We’ll leave you to decide. Does a collection of a dozen sets of 2007 telecom predictions make a wise crowd or a demented mob? Anyhow, we’ve had a bit of fun puling together some of the highlights and lowlights of the analyst, media and blogosphere outlook for 2007.

Outlook from the ‘Blognoscenti’

We aren’t going to review every item, just pick some of the more interesting ones. VoIP industry godfather Jeff Pulver kicks us off with this one:

While the hype surrounding Fixed Mobile Convergence (FMC) will grow during 2007, the FMC marketplace will continue to stagnate until such time that software becomes widely available for dual model phones that offer seamless roaming across unaffiliated wifi/wimax hotspots.

This seems to be a common theme, and we’re not alone in suspecting that FMC is a dead-end for consumers in its current form. Extending cellular coverage in-building (the bit users care about) looks like something best left to… well, cellular technology. Until you start adding features and capabilities, IP is just adding overhead. It’ll take an innovator like Apple to kick-start that process.

He also has some good news for equipment vendors:

TDM services will continue to be “end-of-lifed”. All Telecom operators will be IP-based within 5-7 years.

We’d agree, but then as we’re about Making Money in an IP World, we would, wouldn’t we? But then again, if you’re a TDM switch vendor, you’re in the interesting position of having the right sales force, support, brand and customer relationships … to sell Cisco IP gear to telcos. [Boss — are we allowed to say this out loud?] Jon Arnold’s probably right that there are too many vendors chasing too few large capex deals.

Fellow blogger Dean Bubley predicts the emergence of the corporate MVNO. You can imagine an operator with a good network but poor distribution to corporates doing this in alliance with a systems integrator or IT behemoth (or both). This would fit our “pipe” and “platform” Telco 2.0 strategies. The smarter the operator, the better they’ll do at “white label” handset logistics, support and billing — with the pipe just being a hygiene factor in any deal. One to watch.

He also suggests:

[Location-based] navigation becomes rather more important on mobiles. Mobile search doesn’t.

This fits with our outlook too. Communications beat content. As we said before, the specific case of rendezvous in time and space is important. These generally trump information and entertainment. The GSMA found the same thing in their research. Mobile search will take a long time to mature: users are looking for information to advance them to their next objective, and today’s search just isn’t geared to it yet. A big opportunity for a future year, or an already solved problem?

In a shock finding, we’re going to disagree with one of Delphic Keith McMahon’s prognoses:

With data access, I see 3G completely nailing WiFi as prices of data access tumble.

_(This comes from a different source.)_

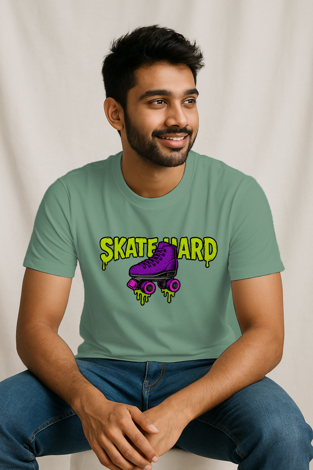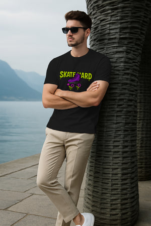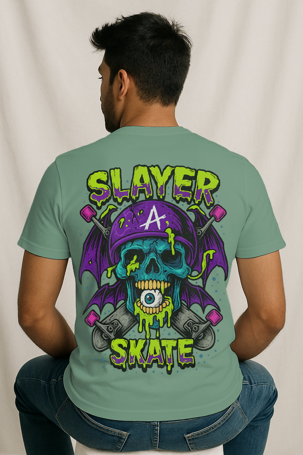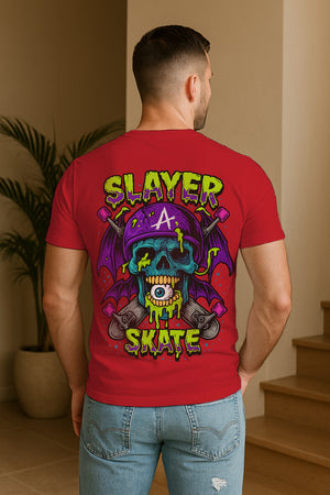 Graphic Slayer Skate T-Shirt | Drippy Skull & Crossed Boards Design, 100% Cotton Regular Fit

Normally, coverage beats speed every time in telecom. “Distribution” is the winning meta-strategy. However, in this case there’s a tussle between physics and economics. WiFi needs a lot of access points (costing more), but like a crowded room at a party, they whisper to neighbours rather than shout across the room, allowing for more overall traffic. WiFi also doesn’t suffer from the overhead of usury spectrum costs. We’d probably see a co-evolution of both technologies, with ultimately a closer alignment of provisioning, security and payment methods, and the users will care less and less about which is which.

Another we’d agree on that crops up a lot: mobile extension of social networking and youth entertainment services will be big.

An electric issue remains the role of local government in enabling local connectivity. We’ll be delving deeper into this in our Digital Town session at the next Telco 2.0 event. Our take: whilst “municipal networks” per se will fade from the headlines, government procurement will get more organised, and investors will be less tolerant of duplicative infrastructure, resulting in new modes of network funding and ownership emerging.

Maybe it’s not important, but a lot of blogger lists for 2007 barely mention the giant telecom industry. You’re background noise, your products boring, your brands aren’t worth talking about?. Just a rumour of the icon for Apple’s purported new spreadsheet app was big news today. You don’t see the same customer adoration of telcos anywhere.

Enter the analysts

In-Stat have made their #1 2007 prediction easy to come true by choosing something that’s already happened: HDTV content downloaded via the Internet. On a less barbed note between competing analysts, they pick up on the WiMax trend, specifically noting:

At least one successful WiMAX “d” vendor will go out of business as the transition to “e” comes to a head in 2007.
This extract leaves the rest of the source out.